Latest revision as of 08:00, 6 June 2020


of a finite number of variables

The problem of finding the extrema of a function $ f ( x) $, $ x= ( x ^ {1} \dots x ^ {n} ) \in X \subseteq \mathbf R ^ {n} $. This means

1) finding $ \overline{f}\; = \sup _ {x \in X } f ( x) $ or $ \underline{f} = \inf _ {x \in X } f ( x) $;

2) searching maximum or minimum points if $ \overline{f}\; $ or $ \underline{f} $ are attained on the admissible set (see Maximum and minimum of a function);

3) the construction of maximizing or minimizing sequences $ \{ x _ {i} \} $ such that:

$$ \lim\limits _ {i \rightarrow \infty } \ f ( x _ {i} ) = \overline{f}\; ,\ \ \lim\limits _ {j \rightarrow \infty } \ f ( x _ {j} ) = \underline{f} , $$

if $ \overline{f}\; $ or $ \underline{f} $ is not attained on $ X $.

The investigation of the extrema of functions of discrete arguments is referred to as discrete programming or integer programming.
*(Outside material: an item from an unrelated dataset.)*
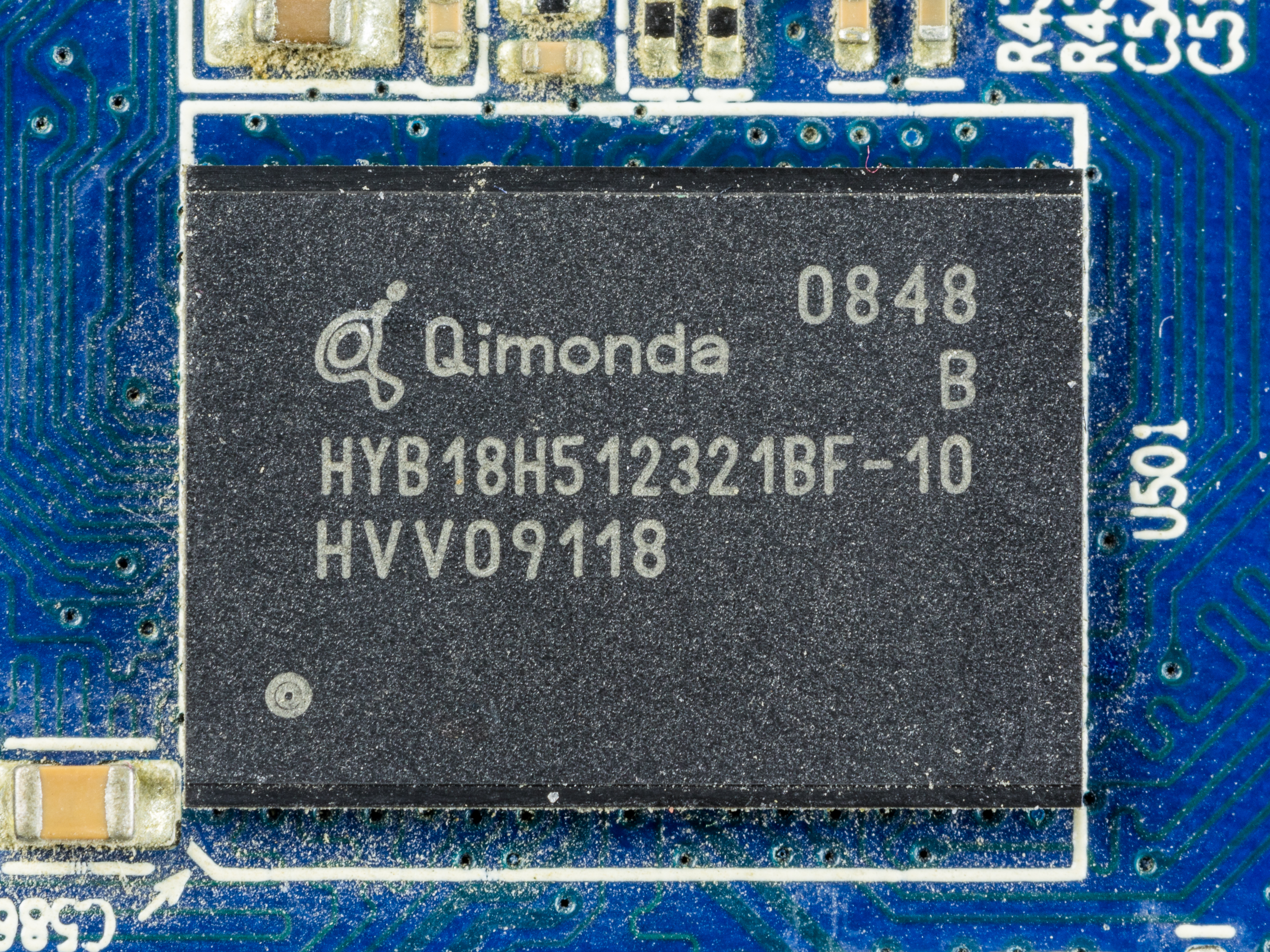 Sapphire Ultimate HD 4670 512MB - Qimonda HYB18H512321BF-10 - 512-Mbit GDDR3 Graphics RAM. Package: PG–TFBGA–136

Below only maximization and minimization for functions of continuous arguments is explained.

The classical (indirect) methods of maximization and minimization apply only to smooth functions. They use necessary conditions for an extremum in order to locate stationary points. Zeros of the derivatives $ \partial ^ \alpha f / \partial x ^ \alpha $, $ \alpha = 1 \dots n $, are usually computed in practice by some successive approximation method (see [3]). On the other hand, each problem of solving a finite set of functional equations of the form

$$ \phi _ {m} ( x ^ {1} \dots x ^ {n} ) = 0 ,\ \ m \leq n , $$

can be interpreted as a maximization or minimization problem of some function, for example, of the function

$$ f ( x) = \phi _ {1} ^ {2} ( x) + \dots + \phi _ {m} ^ {2} ( x) \rightarrow \min , $$

and one of the specific methods for maximizing and minimizing can be applied.

Direct methods for maximizing and minimizing functions are based on direct comparison of the values of $ f $ at two or more points.

The practical search of extrema uses iterative algorithms of the form:

$$ x _ {i+} 1 = \widehat{X} ( i , x _ {i} , x _ {i-} 1 \dots x _ {i-} j ) , $$

where $ i $ is the index of the iteration and $ \widehat{X} ( \cdot ) $ is some operator. Here it is usually assumed that

a) the algorithm converges in some sense, most often in the sense

$$ x _ \infty = \overline{x}\; \ \ ( x _ \infty = \underline{x} ) \ \ \textrm{ or } \ \ f ( x _ \infty ) = \overline{f}\; \ ( f ( x _ \infty ) = \underline{f} ) ; $$

b) the iteration procedure is local, that is, $ j \ll i $( $ j = o ( i) $ as $ i \rightarrow \infty $); the algorithm "remembers" the values of $ x $ only for iterations in some neighbourhood of the current position $ x _ {i} $. For $ j = 0 $ a memoryless simple Markov computational process is obtained.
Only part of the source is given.